[DATA SUPPLIED Boundary: Start]

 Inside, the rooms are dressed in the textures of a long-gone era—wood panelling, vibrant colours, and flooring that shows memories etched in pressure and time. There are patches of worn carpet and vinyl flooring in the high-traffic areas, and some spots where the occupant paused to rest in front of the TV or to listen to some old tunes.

[DATA SUPPLIED Boundary: End]
[DATA SUPPLIED Boundary: Start]

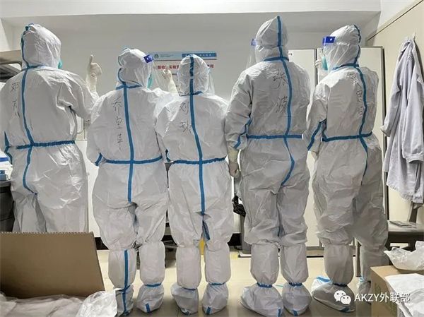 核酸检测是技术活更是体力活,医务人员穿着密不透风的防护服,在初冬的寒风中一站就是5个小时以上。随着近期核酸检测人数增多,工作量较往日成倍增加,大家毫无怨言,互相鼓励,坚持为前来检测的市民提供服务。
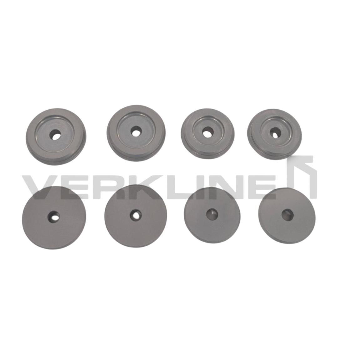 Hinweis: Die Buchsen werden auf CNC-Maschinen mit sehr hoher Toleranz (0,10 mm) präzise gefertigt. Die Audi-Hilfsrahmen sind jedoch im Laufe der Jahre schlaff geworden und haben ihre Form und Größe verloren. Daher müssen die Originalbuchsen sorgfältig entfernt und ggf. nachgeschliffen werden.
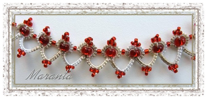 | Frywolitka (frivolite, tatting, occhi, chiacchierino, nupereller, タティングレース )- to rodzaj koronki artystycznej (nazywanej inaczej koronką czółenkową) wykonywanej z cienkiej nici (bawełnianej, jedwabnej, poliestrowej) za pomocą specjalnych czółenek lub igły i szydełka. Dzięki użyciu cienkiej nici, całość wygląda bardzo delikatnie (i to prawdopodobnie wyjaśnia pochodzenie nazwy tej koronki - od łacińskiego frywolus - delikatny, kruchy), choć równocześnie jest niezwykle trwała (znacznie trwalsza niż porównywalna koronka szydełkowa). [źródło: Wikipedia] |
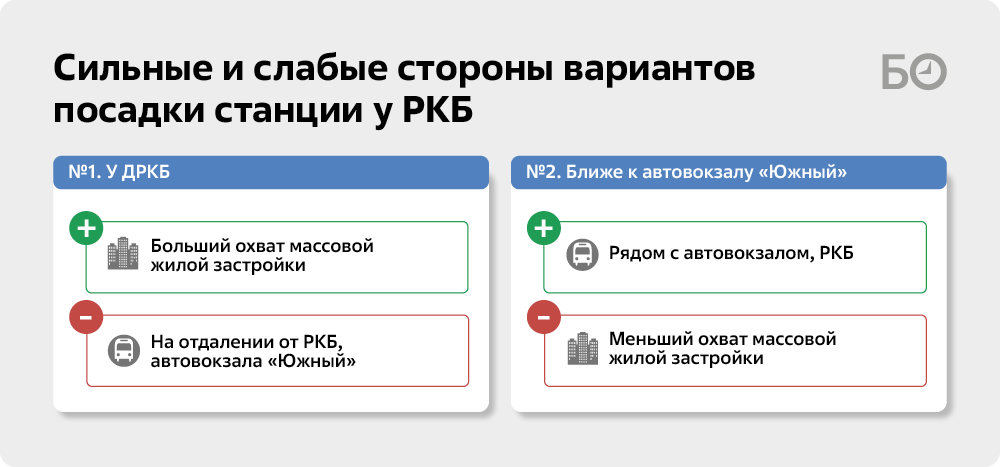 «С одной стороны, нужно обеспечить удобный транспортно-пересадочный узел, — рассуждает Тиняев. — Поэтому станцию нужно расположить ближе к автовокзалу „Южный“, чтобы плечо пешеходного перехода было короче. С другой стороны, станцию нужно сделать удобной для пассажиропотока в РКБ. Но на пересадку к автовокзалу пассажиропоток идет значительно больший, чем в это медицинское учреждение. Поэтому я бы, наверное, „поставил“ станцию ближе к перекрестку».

[DATA SUPPLIED Boundary: End]
[DATA SUPPLIED Boundary: Start]

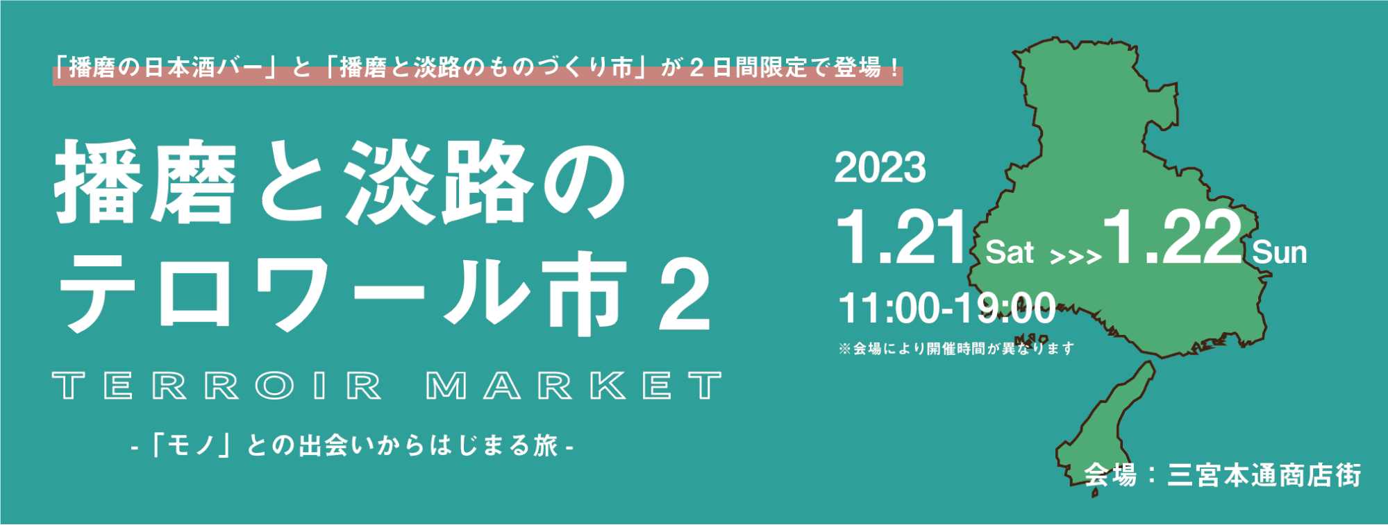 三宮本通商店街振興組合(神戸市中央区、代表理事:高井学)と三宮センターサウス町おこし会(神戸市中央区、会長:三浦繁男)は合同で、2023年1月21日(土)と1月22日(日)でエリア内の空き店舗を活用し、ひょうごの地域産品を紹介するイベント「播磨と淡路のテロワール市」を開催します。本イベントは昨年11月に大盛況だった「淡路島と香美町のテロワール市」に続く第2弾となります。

[DATA SUPPLIED Boundary: End]

Exactly reproduce the lines above, starting at the one that contains "核酸检测是技术活更是体力活,医务人员穿着" and ending at the one that contains "Hinweis: Die Buchsen", both inclusive; leave the pictures out and add no other lines.

 核酸检测是技术活更是体力活,医务人员穿着密不透风的防护服,在初冬的寒风中一站就是5个小时以上。随着近期核酸检测人数增多,工作量较往日成倍增加,大家毫无怨言,互相鼓励,坚持为前来检测的市民提供服务。
 Hinweis: Die Buchsen werden auf CNC-Maschinen mit sehr hoher Toleranz (0,10 mm) präzise gefertigt. Die Audi-Hilfsrahmen sind jedoch im Laufe der Jahre schlaff geworden und haben ihre Form und Größe verloren. Daher müssen die Originalbuchsen sorgfältig entfernt und ggf. nachgeschliffen werden.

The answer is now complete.